Out There





Caves, caves!

Listen to this echo

And agree with me.

Out there is better, after all.


Caves, caves,

Hold the air still and

Remind me I must walk

With dignity, pride.


Out there, people with blinders,

People without — all look.

I must wear my pride.

And have a good reason for it.


Caves, caves,

When I leave you, leave me with a note

Etched in a stone out of you

“Live to live, not to survive”.





I am back from the hospital where my mother is recovering from an angioplasty. I am afraid for her. I am afraid for my father, who is as irresponsible towards his physical health as my mother. I fear. 
When I am older, and in my now, I want to make sure I give myself and my loved ones no reason to fear for my body’s vitality. Or my mind’s. When I am out of this cave that engulfs me with its cool indifference, I want to give — to myself, to my loved ones.  

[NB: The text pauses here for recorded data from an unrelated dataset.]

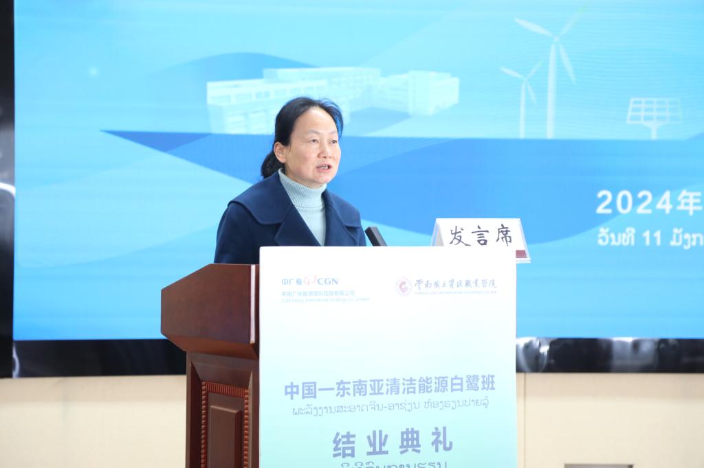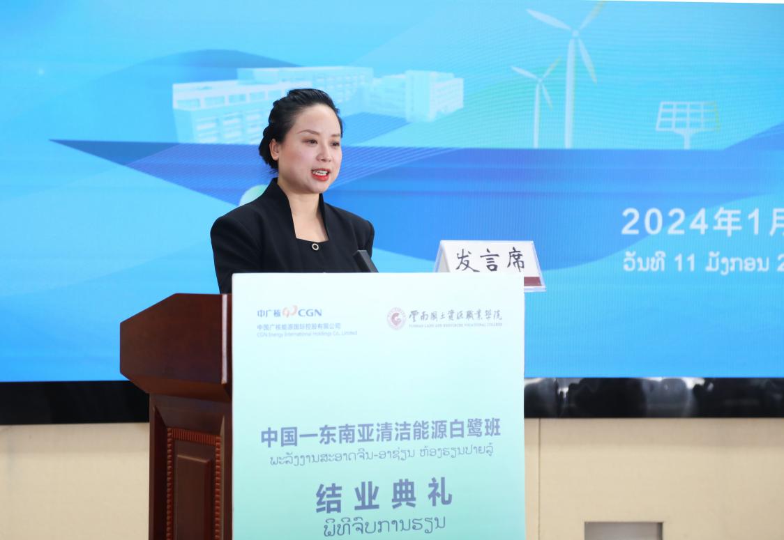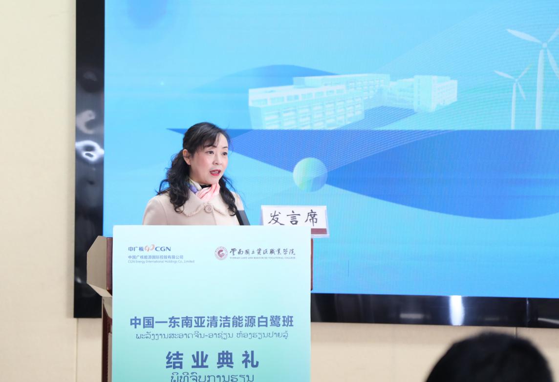 陈颖在致辞中代表公司对本次培训班的顺利完成表示祝贺,祝贺所有培训学员经过这段时间的努力,顺利完成了培训课程和通过考核,按期结业。陈颖表示,此次与中国广核能源国际控股有限公司合作共同承办的中国-东南亚清洁能源白鹭班,是推进“教随产出、产教同行”的具体实践。下一步,我们有信心与中国广核能源国际控股有限公司紧密围绕新能源领域开展更加深度和广泛的校企合作,培养中资企业亟需的国际化技能人才,为“留学中国•学在云南”贡献国土力量。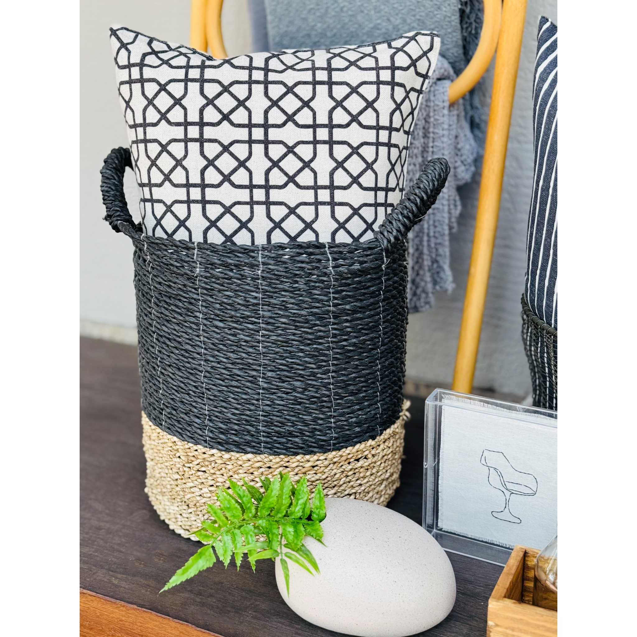 A almofada Nexus, com suas medidas de 35 x 50 cm, é confeccionada em tecido com padrão geométrico preto sobre fundo claro. Seu design contemporâneo e minimalista torna-se o destaque ideal para compor ambientes modernos e elegantes. Perfeita para trazer estilo e conforto ao seu espaço, a almofada Nexus é uma excelente opção para sofás, poltronas ou camas.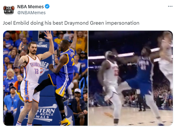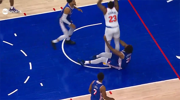 第二节,恩比德中投得分后踢到米罗的裆部,后者痛苦倒地,大帝如此动作也引争议。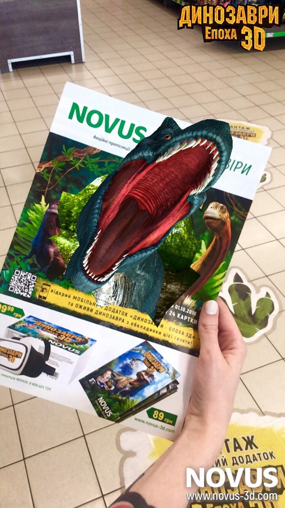 Марія: Хотілося, щоб ідея була жива, привертала та залучала, щоб була взаємодія між покупцем і акцією. І ми вгадали: з 3D-динозаврами охоче розважаються діти, підлітки, дорослі, рівень залученості дуже великий. Доповнена реальність – порівняно маловідома технологія для українців, тому нам хотілося зробити її загальнодоступною, познайомити споживачів з інноваціями.

16 thoughts on “Out There”

  1. It’s so hard to watch our parents go through such things. As children, we imagine them invulnerable. Later, we know the truth.

    My mother had the same procedure. Once we got her past a bit of a bad reaction to the pain medication, she was fine. I hope the same for your mother, and who knows? Perhaps this will be a bit of a caution to your father!

    1. I hope and speculate as you do, Linda.
      I am a bit different than what you describe as knowing the truth. I still want them to be invulnerable. So much, in fact, that I foolishly believe that they are. It’s a difficult life. First you can’t steal the candies because they always know. Then you can’t steal time because it always runs.

  2. You can’t steal time because it always runs. You are amazing. I’m sure your parents recognize this. Hopefully all will be okay soon. Don’t forget to take care of yourself amidst the worry and concern over them.

  3. You’ve been concerned about their health for quite some time. Maybe this is the jolt they need, and they’ll begin to make more of an effort to take care of their health. I hope so. I’m sure they want to watch their beautiful granddaughter grow up.

    Wonderful poem. When does out there become out here?